Skipping a fair number of days birding locally, my next 'full day birding' was in mid November, when with the usual crew we again headed east, and found ourselves in Cambridgeshire, scouring some rather birdless agricultural fields (admittedly with a large area of set aside adjacent) for the Richards Pipit that had been knocking around. After a good while searching, we decided to head off further east, via Guyhirn where we managed views of a superb flock of 8 Common Crane as they fed in roadside fields. It was just a shame the fog had started to descend and it hindered viewing somewhat!
We continued east, passing into the equally superb birding county that is Norfolk and to Cley Marshes!
Walking the east bank we were soon clocking up the birds, Bearded Tits pinging and showing well in the reedbed, Brent Geese and Marsh Harrier a permanent fixture in the sky, and a loud drawn out wheezy call overhead led us onto a single Twite as it flew over east.

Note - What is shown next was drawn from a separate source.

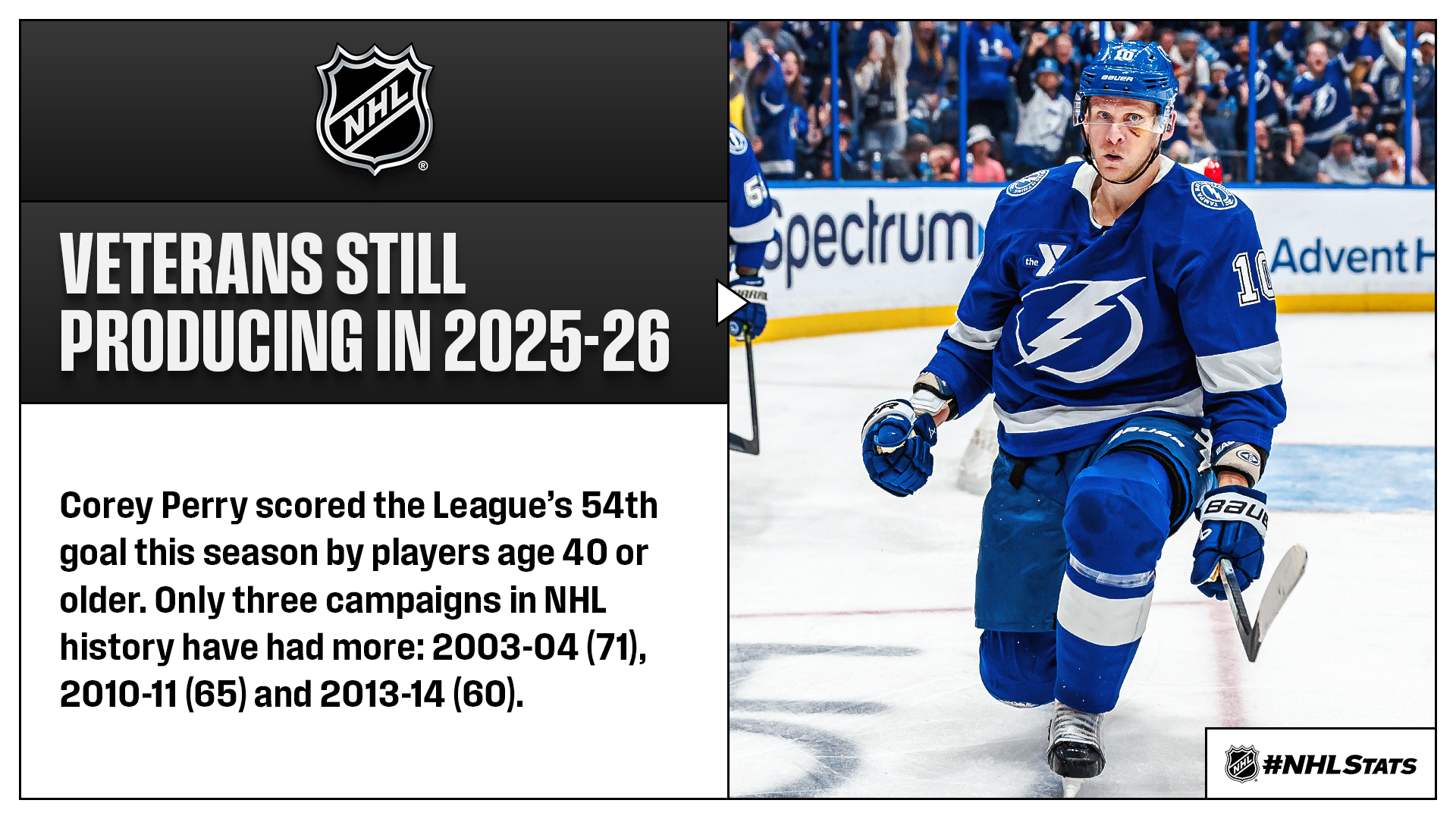 * Corey Perry continued the NHL’s trend of players 40 and older scoring this season and helped the Lightning move back into first place in the Atlantic Division and Eastern Conference.

Our main target however (as with many of our recent visits) was the sea and we soon started scanning for Auks and Skuas. Well, we found 5 Auks, however non were particularly small and it was clear that their Arctic cousins just weren't moving today. The swells had its usual and ever-present Red-throated Divers, but things were livened up by a drake Eider flying past and the appearance of 2 adult Little Gull, always a great addition to any day list!

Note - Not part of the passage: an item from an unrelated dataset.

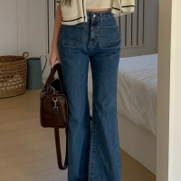 여성 프리미엄 워싱 포켓 일자 데님 팬츠

A rather pointless visit to Salthouse followed before we headed back west to Holkham, where following a very long and sandy walk we eventually found a large flock of Common Scoter loafting and feeding offshore. We set about scanning, and soon found multiple Velvet Scoter, including some absolutely stunning drakes. Eventually we setted on a total of 10+ of these stunning seabirds!
With time, among a party of Velvets we picked out our 'yank' target. A drake SURF SCOTER! Nice!

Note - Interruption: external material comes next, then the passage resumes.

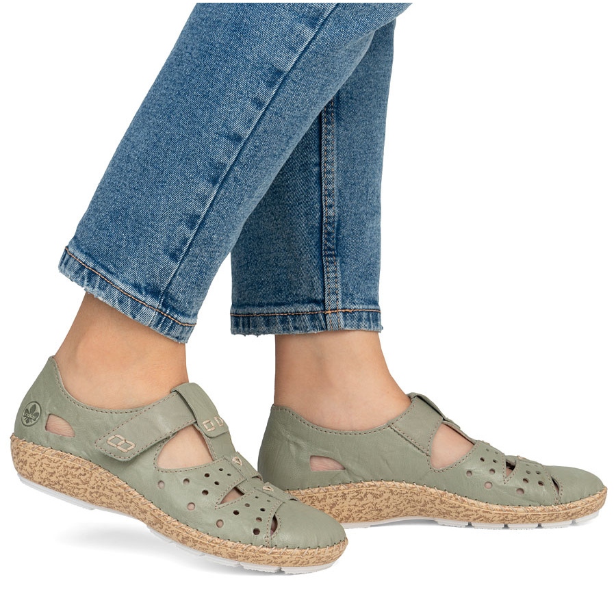 Rieker Chaussures pour femmes avec velcro, Openwork Green Rieker 44852-52 vert

Personally not even a year tick for me having seen 3 off Pensarn earlier in the year however the views off Holkham were significantly closer! That bill and the white patches stood out a mile, however with sea fog arriving, it was good we arrived when we did and not any time after!
|Drake Surf Scoter|
|Surf Scoter among Velvets and a few Commons|
With the light fading, I tried to make a last minute race to the end of the wood to look for the long staying Rough-legged Buzzard, but as we neared the end of the wood the crew decided to turn around and I dipped for the 4th time this year. Maybe one day.